At present, the spu_run syscall (used to run a SPU context) blocks until the SPU program has exited (or some other event has happened, such as a non-serviceable fault). This means that to take advantage of the SPUs, you really need to start a new thread for each SPU context that you create, otherwise your application will be sitting around waiting for each SPU context to complete.

In fact, we have an invariant in the spufs code at the moment that only contexts that are currently being spu_run will ever be runnable (and, at the moment, schedulable).

Ben H and I have been chatting about some ideas about asynchronous spu contexts. This means that the userspace app can start the context, then later retrieve the status of the SPU context (to see if it has stopped, faulted, or whatever). We can then use standard POSIX semantics like poll() to see if a context is still running or has generated any "events", then handle these events when they become available.

In effect, this is similar to spu_run: currently, the spu_run syscall runs the SPU, then blocks until an event happens, which is then returned to userpsace as the return value of spu_run. The main difference is that we don't block in the kernel while the SPU is running.

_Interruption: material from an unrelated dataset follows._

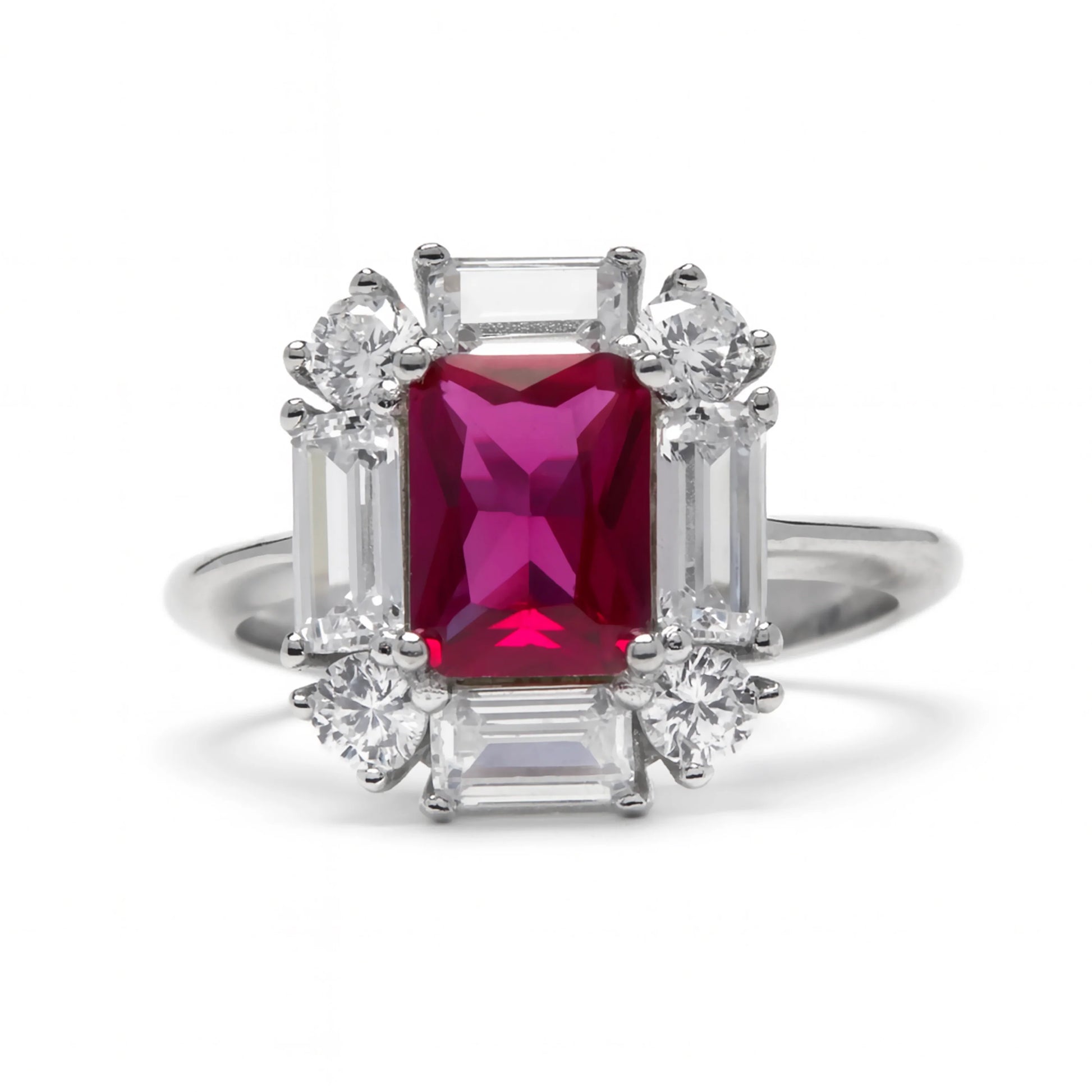 Anillo de Plata de Ley 925 y Circonita Rubí acabado en rodio - Arul

So, I've been coding up an experimental change to spufs. Firstly, we have to explicitly tell the kernel that we want a context to operate in asynchronous mode, so I've added a new flag to the spu_create syscall: SPU_CREATE_ASYNC.

I've opted for a file-based interface to these asynchronous contexts - SPU events are retrieved by reading from a file. Contexts that are created with the SPU_CREATE_ASYNC flag have an extra file present (called something like "event") in their context directory in the spufs mount. Reading from this file allows applications to retreive events that the SPU program has raised.

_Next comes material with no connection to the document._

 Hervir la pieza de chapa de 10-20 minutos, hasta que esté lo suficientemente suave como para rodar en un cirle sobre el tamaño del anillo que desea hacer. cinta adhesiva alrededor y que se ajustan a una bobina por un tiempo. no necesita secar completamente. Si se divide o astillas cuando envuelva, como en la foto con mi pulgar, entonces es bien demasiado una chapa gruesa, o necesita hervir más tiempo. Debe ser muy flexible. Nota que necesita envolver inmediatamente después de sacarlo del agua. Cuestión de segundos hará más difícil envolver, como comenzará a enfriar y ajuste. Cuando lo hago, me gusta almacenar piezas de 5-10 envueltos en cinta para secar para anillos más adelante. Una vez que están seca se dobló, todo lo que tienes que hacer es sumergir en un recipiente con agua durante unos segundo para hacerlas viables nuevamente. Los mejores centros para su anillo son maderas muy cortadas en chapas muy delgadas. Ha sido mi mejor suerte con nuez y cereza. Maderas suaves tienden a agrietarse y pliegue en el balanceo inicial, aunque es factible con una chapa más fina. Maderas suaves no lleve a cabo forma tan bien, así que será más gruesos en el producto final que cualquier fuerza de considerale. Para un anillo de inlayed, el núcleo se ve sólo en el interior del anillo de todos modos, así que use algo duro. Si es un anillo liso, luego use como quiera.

We need to define a format for the data read from this events file, so here's something to get started with:

struct spu_event {
	uint32_t event;
	uint32_t status;
	uint32_t npc;
};

- where the event member specifies which event happened - a stop-and-signal for example.

The status and npc members return the status of the SPU and the next program counter register, respectively. While not strictly necessary (this information is available from other files in spufs), it's very likely that the application will need these values in order to handle the event.

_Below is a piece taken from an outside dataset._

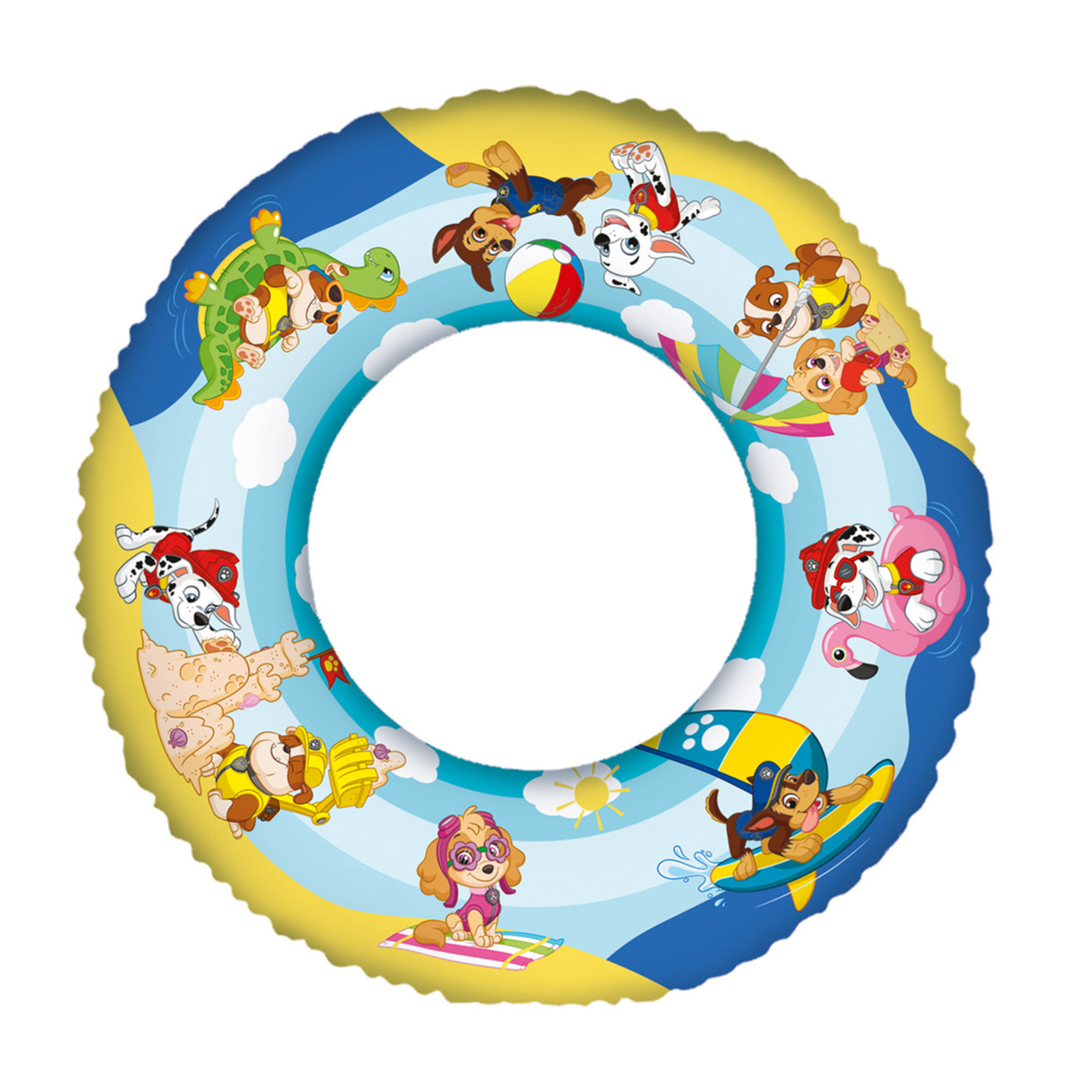 Paw Patrol zwemband – opblaasbaar – Chase/Marshall/Rubble/Skye – vinyl – 45 cm – waterspeelgoed. Deze opblaasbare Paw Patrol zwemband van 45 cm is perfect buitenspeelgoed voor jonge fans van de populaire tv-serie. Met vrolijke opdruk van de bekende hondjes Chase, Marshall, Rubble en Skye. Ideaal voor gebruik in het zwembad of op het strand. De zwemband is gemaakt van stevig vinyl en wordt geleverd inclusief reparatie/sticker set en Nederlandse gebruiksaanwijzing. Let op: dit is speelgoed en geen zwemhulpmiddel. Getest en goedgekeurd volgens CE- en TuV-veiligheidsnormen.

So, users of this interface may look something like this:

uint32_t npc = 0;
struct context {
        int fd;
        int event_fd;
} context;

/* create the context */
context.fd = spu_create("/spu/ctx", NULL, SPU_CREATE_ASYNC);

/* open the events file */
context.event_fd = openat(context.fd, "event", O_RDWR);

/* start the context running. unlike the spu_run syscall,
 * this function does not block for the duration of the
 * spu program */
run_context(&context, npc);

for (;;) {
        struct spu_event event;

        /* get the next event caused by the SPU */
        read(context.event_fd, &event, sizeof(event));

        if (event.event == SPU_EVENT_STOP)
                break;

        /* handle other event ... */
}

Note that the userspace examples here are not what we'd present to Cell application developers. They're more low-level examples of how the new asynchronous kernel interface works. In fact, the changes could be completely transparent to applications which use the libSPE interface.

This isn't far from the API provided by the current spu_run syscall, except that we're not waiting in the kernel while the SPU is running.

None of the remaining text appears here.